An interesting Atlas lathe for sale on CL:








						Atlas TH54 10" x 54" metal lathe - well restored, extras
					

Selling my beloved Atlas lathe. I bought this machine about 3 years ago and learned a lot about machining and turning, but have somewhat outgrown and it and need to make room for a bigger machine....



					greensboro.craigslist.org
				



Not mine.


----------



## Moderatemixed (Jul 17, 2019)

I downloaded an article from Kieth Ruckers Vintage Machinery dot org website with the plans and explanation behind the build of that attachment. I wanted a QCGB and that looked to be the best option given the prices and availability of them on eBay. Ended up buying another Atlas lathe with the QCGB and selling my older lathe for more than I paid so it all worked out..... that said, the craftsmanship on that looks to be very high. Whomever made that knew what they were doing! My guess is that the lathe has been very well taken care of. What a lot of work though...... Someone is going to get themselves a “cream puff” of a lathe! I hope that they appreciate what they are getting. 


Sent from my iPhone using Tapatalk


----------



## Latinrascalrg1 (Jul 17, 2019)

I would love to see that gearbox in action!  I know its just a quick change "gear box" but there is something about the exposed gears turning that i find fascinatingly hypnotic!


----------



## pontiac428 (Jul 17, 2019)

Yeah, hypnotic is one way to describe it when you imagine getting the tail of your t-shirt sucked into the gears.  Okay, sarcasm aside, that was an attempt at a joke.  That is a nice looking adaptation, and just last night I was lamenting having to do a full gear change for M1.25 threads for a quick job on tiny little part, wishing I had a QCGB on my Atlas.  I've seen complete lathes on craigslist with QCGB for less than a functional quick change box conversion for my 10".  I like that this design uses the original change gears.


----------



## benmychree (Jul 17, 2019)

Very clever!  I assume that it has a cover?


----------



## Latinrascalrg1 (Jul 17, 2019)

benmychree said:


> Very clever!  I assume that it has a cover?

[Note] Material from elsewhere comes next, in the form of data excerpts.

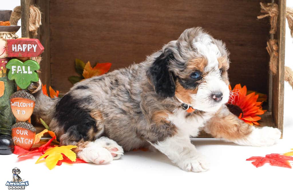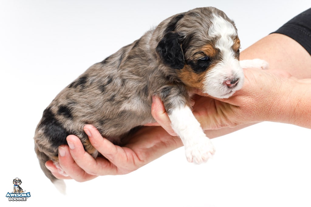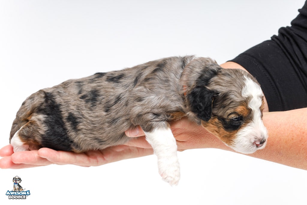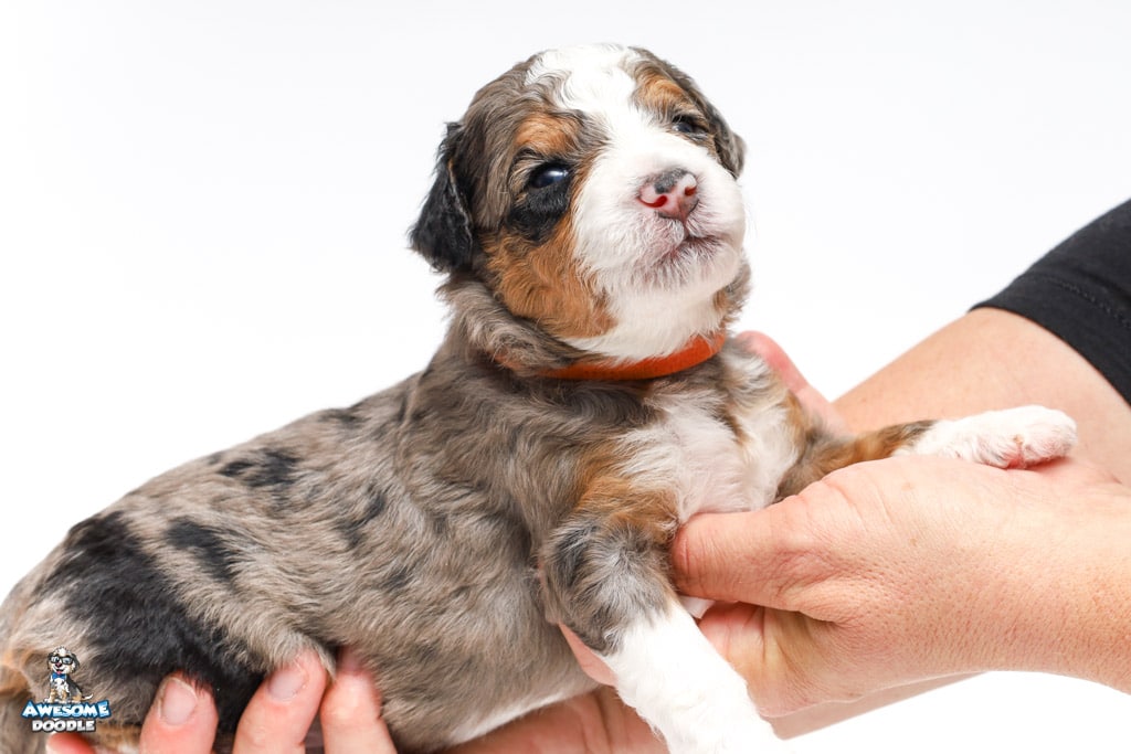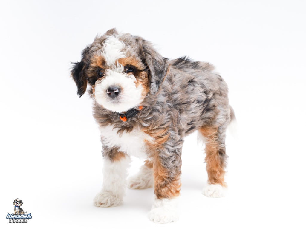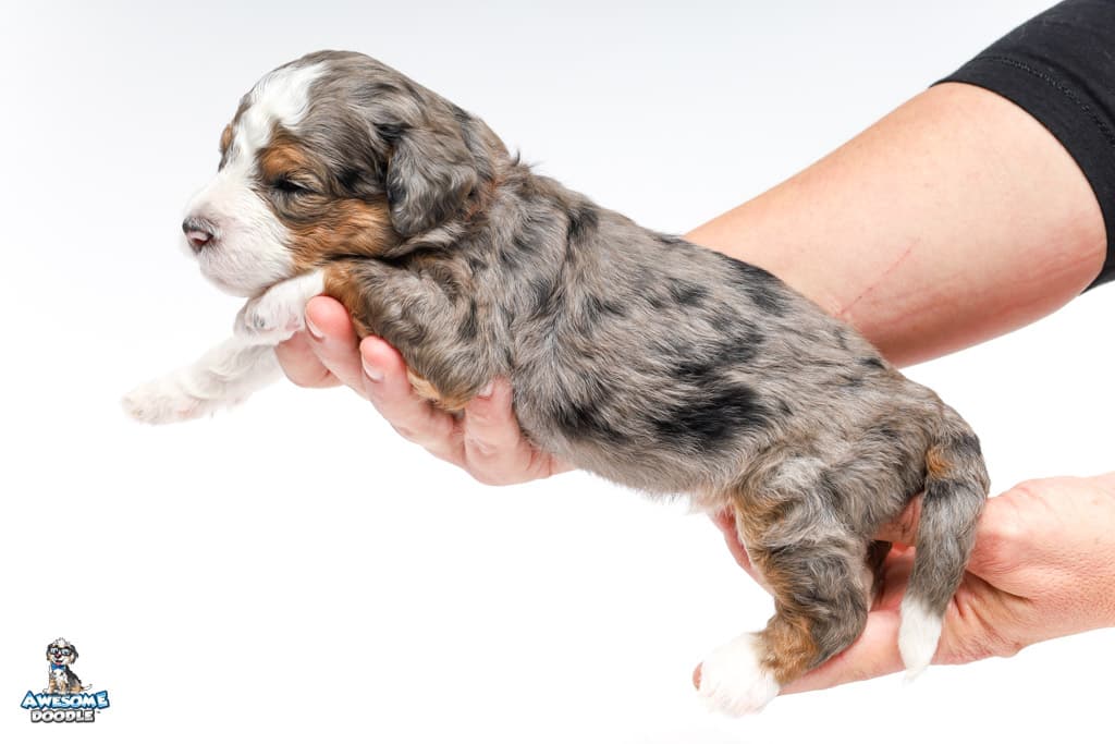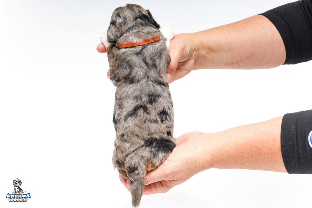 Howie is a male Blue Merle w/ White & Copper F1 AussieDoodle puppy.
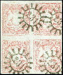 | Zusatzinformationen und Suchstichworte: | 378. Auktion Heinrich Köhler 21.-26. März 2022 Los 7103 3 Kreuzer rosa im Viererblock, sehr schön farbfrisch und voll-bis meist breitrandig geschnitten, sehr schön entwertet durch glasklar aufgesetzten gMR “231” KADOLZBURG. Eine leichte waagerechte Vorfallt-Spur zwischen den Paaren berührt die Marken nicht. Ein attraktiver und seltener Block in tadelloser Erhaltung. Signiert Schmitt BPP und Fotoattest Stegmüller BPP (2022) Zuschlag 540,00 EUR |
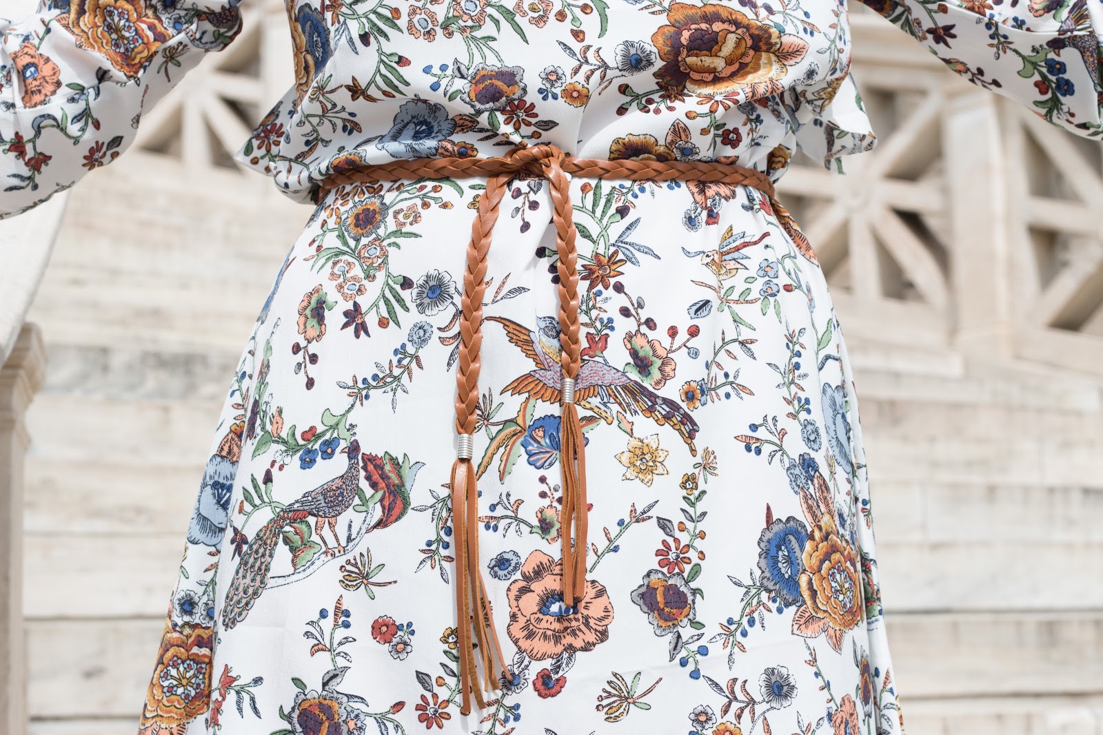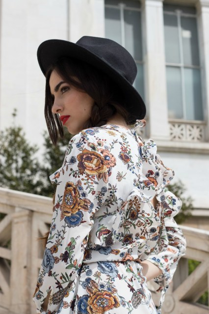 Δεν υπάρχει πιο αντιπροσωπευτικό μοτίβο για την άνοιξη από το floral. Για αυτό και το επιλέγουμε αρκετά συχνά, αφού είναι σαν να φοράμε την εποχή πάνω μας. Δίνει χρώμα στο look, μας φτιάχνει τη διάθεση και μπορούμε να το φορέσουμε είτε σε λεπτομέρειες, είτε ως βασικό κομμάτι του outfit,όπως και σε αυτό το outfit post, που πρωταγωνιστεί σε φόρεμα. Έχει άνοιγμα στην πλάτη, ανάλαφρα μανίκια και γενικά ανάλαφρη γραμμή καταλήγοντας σε βολάν.
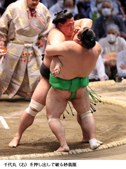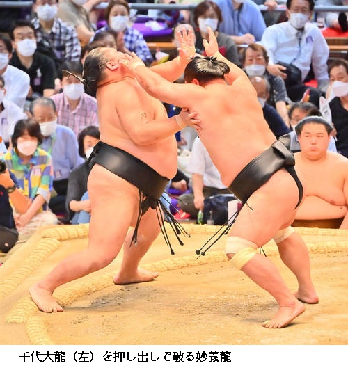 ▽妙義龍に千代大龍は、妙義龍が押し出しで勝ち越しを決めました。

Im guessing the cover is part of the estimated 2% of uncompleted work that needs to be finished!


----------



## markba633csi (Jul 17, 2019)

He probably left the cover off in order to attract young, nubile ladies into his shop to watch the hypnotic gears...


----------



## markba633csi (Jul 17, 2019)

...while quietly slipping his ******bar out of it's protective sleeve


----------



## wa5cab (Jul 17, 2019)

I'm pretty sure that I uploaded the instructions for making that QCGB into Downloads.  But I don't recall for certain whether there was a cover included or not.


----------



## pontiac428 (Jul 18, 2019)

I don't think the instructions include a cover, but it would be easy to do!  You could even make a cover out of clear acrylic, so you can watch the gears go 'round.  I bet you could install some cool LED lights that flash different colors for a disco fabulous effect.


----------



## Latinrascalrg1 (Jul 18, 2019)

pontiac428 said:


> I don't think the instructions include a cover, but it would be easy to do!  You could even make a cover out of clear acrylic, so you can watch the gears go 'round.  I bet you could install some cool LED lights that flash different colors for a disco fabulous effect.

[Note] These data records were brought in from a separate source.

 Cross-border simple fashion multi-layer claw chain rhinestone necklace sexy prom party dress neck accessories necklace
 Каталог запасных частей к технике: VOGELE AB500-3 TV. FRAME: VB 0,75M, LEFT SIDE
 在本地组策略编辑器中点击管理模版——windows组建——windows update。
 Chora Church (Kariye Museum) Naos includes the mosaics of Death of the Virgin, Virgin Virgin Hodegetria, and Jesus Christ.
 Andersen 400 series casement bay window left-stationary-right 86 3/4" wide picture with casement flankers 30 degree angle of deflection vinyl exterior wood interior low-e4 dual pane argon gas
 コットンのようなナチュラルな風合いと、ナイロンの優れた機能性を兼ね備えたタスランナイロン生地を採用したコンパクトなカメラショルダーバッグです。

He|| id never get anything done once the lights start flashing


----------



## markba633csi (Jul 18, 2019)

With all those nubile young ladies around, who cares?


----------



## Latinrascalrg1 (Jul 18, 2019)

markba633csi said:


> With all those nubile young ladies around, who cares?


What ladies?  All i see are these pretty lights and spinnie things!


----------